Я во все глаза смотрел на Громилину, и не узнавал. Вместо встреченной воскресным утром хамоватой стриженной под мальчика морщинистой старухи передо мной было одухотворённое лицо матери этого мира. Глаза, окрашенные печалью, покоились бездонными озёрами, а окружающее пространство незримо светилось, наполняясь любовью.
– Любовь долго терпит, милосердствует, любовь не завидует, не превозносится. – От услышанного я замер, потеряв дар речи, а Джинн без остановки нараспев всё читал и читал в моей окаянной голове бессмертный стих Первого послания к Коринфянам. – Не гордится, не бесчинствует, не ищет своего, не раздражает, не мыслит зла, не радуется неправде, а сорадуется истине! Любовь никогда не перестанет!

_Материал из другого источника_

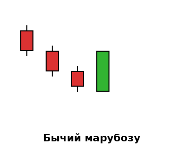 Свечи без теней или с минимальными тенями, где цена открытия совпадает с одним экстремумом, а закрытия — с другим. Белая марубозу (открытие = минимум, закрытие = максимум) показывает сильное бычье настроение, чёрная — медвежье.
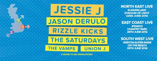 Jessie J is to headline UK Live festival, an annual pop bash which takes place over three dates in English cities including Sunderland, Ipswich and Weston-super-Mare in June 2014. Other big names confirmed for the star-studded bill include Jason Derulo, Rizzle Kicks, The Saturdays, Union J and the Vamps.

– Тая, скажи там, пусть первая зайдёт…
* * *
Пасмурным непарадным пятничным утром я – не шёл, не бежал, – нет, трепеща невидимыми прозрачными крыльями, летел в амбулаторию! То, что ещё два дня назад вселяло суеверный ужас, оказалось иным, – светлым и добрым. Тучи надо мной стали рассеиваться уже в среду; вот и четверг с первой половиной пятницы пролетели незаметно.
– Таечка, – прогремела сидящая за спиной, внимательно контролирующая каждое моё движение Громилина, – давай, пойди, разберись там!
– Хорошо, Мария Дементьевна, – медсестра вышла в коридор.
– Вставайте, одевайтесь, – сказал я раскоряченной в кресле пожилой работнице. – Я сейчас вам направление в женскую консультацию выпишу. Придёте на следующей неделе, хорошо? – Женщина, застегивая синий рабочий халат, кивнула, поправила белую косынку, взяла мою писульку и вышла из кабинета. Я обернулся к Громилиной.
– Ну? – спросила та.
– Направление на биопсию выписал.
– А без биопсии тебе непонятно? – она уже давно говорила мне «ты».
– Боюсь, что понятно, Мария Дементьевна.
– А что теперь бояться, Миша. Поздно бояться. Мне вот тоже понятно. Я на такие понятки понасмотрелась – во! – она провела ребром ладони по шее.
– Успеют с операцией-то? – спросил я.